-- WHAT THE TASK ASKS --
The data that follows must be transcribed in full and exactly, minus the pictures.

-- RECORDED INFORMATION --
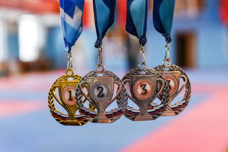 medals, gold, silver, and bronze on a blurred background.
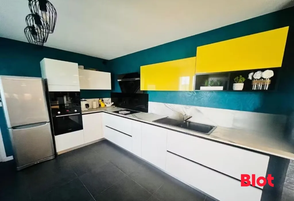 Elle dispose d'une chaleureuse pièce de vie équipée d'un poêle à pellet avec une belle et récente cuisine aménagée et équipée.
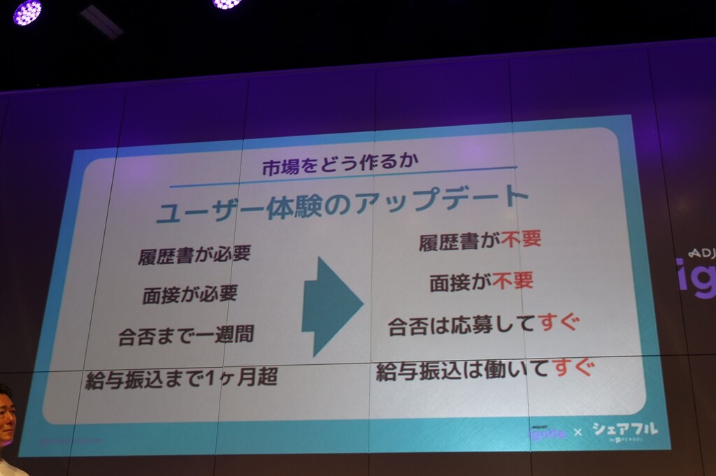 アプリの立ち上げを通して、新たな市場開拓に挑んだのが、単発・スキマバイトアプリの「シェアフル」だ。シェアフル株式会社のCMO・浜野 善輝氏によると、「従来は、応募して、面接して、働いて、1ヶ月後に給与が振り込まれる、というのがアルバイトの流れだった。浜野氏は「人材業界のステレオタイプを捨てて、スキマバイトという市場を作る必要があった」と語る。面接を省略し、一定の条件に達している応募者を自動採用するというシェアフルが生み出したシステムは、時代のニーズに応え、大きな支持を集めることとなった。
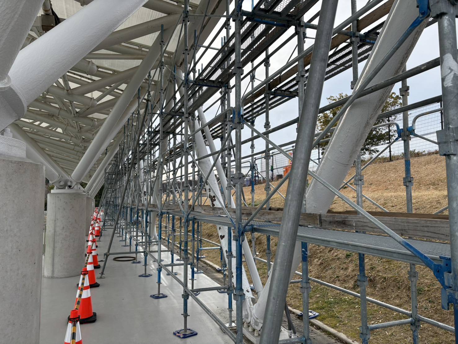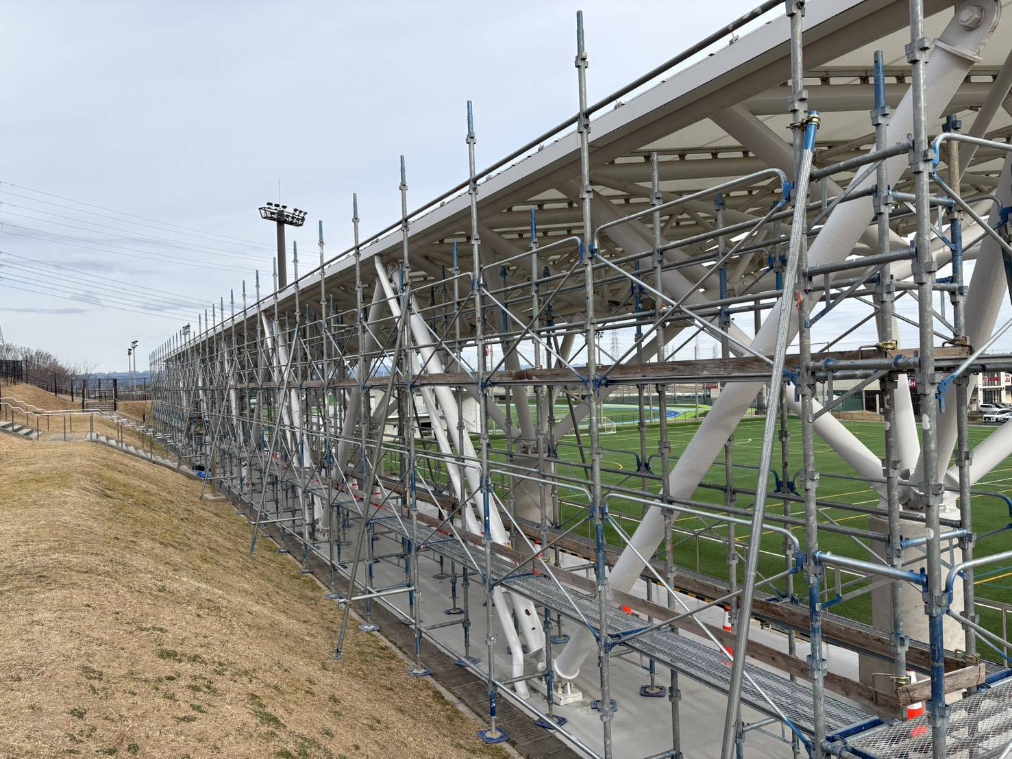 《現場》 浜名区 サッカー場 スタンド屋根の鉄骨工事に伴う足場施工を行いました。 スタジアムや大型施設など、様々な現場・施設の形状に合わせた足場を組立て、作業しやすい環境を整えると同時に安全第一で各職人の皆様方に安心して作業していただける 環境づくりをサポートさせて頂きます。

-- WORKED SOLUTION --
 medals, gold, silver, and bronze on a blurred background.
 Elle dispose d'une chaleureuse pièce de vie équipée d'un poêle à pellet avec une belle et récente cuisine aménagée et équipée.
 アプリの立ち上げを通して、新たな市場開拓に挑んだのが、単発・スキマバイトアプリの「シェアフル」だ。シェアフル株式会社のCMO・浜野 善輝氏によると、「従来は、応募して、面接して、働いて、1ヶ月後に給与が振り込まれる、というのがアルバイトの流れだった。浜野氏は「人材業界のステレオタイプを捨てて、スキマバイトという市場を作る必要があった」と語る。面接を省略し、一定の条件に達している応募者を自動採用するというシェアフルが生み出したシステムは、時代のニーズに応え、大きな支持を集めることとなった。
 《現場》 浜名区 サッカー場 スタンド屋根の鉄骨工事に伴う足場施工を行いました。 スタジアムや大型施設など、様々な現場・施設の形状に合わせた足場を組立て、作業しやすい環境を整えると同時に安全第一で各職人の皆様方に安心して作業していただける 環境づくりをサポートさせて頂きます。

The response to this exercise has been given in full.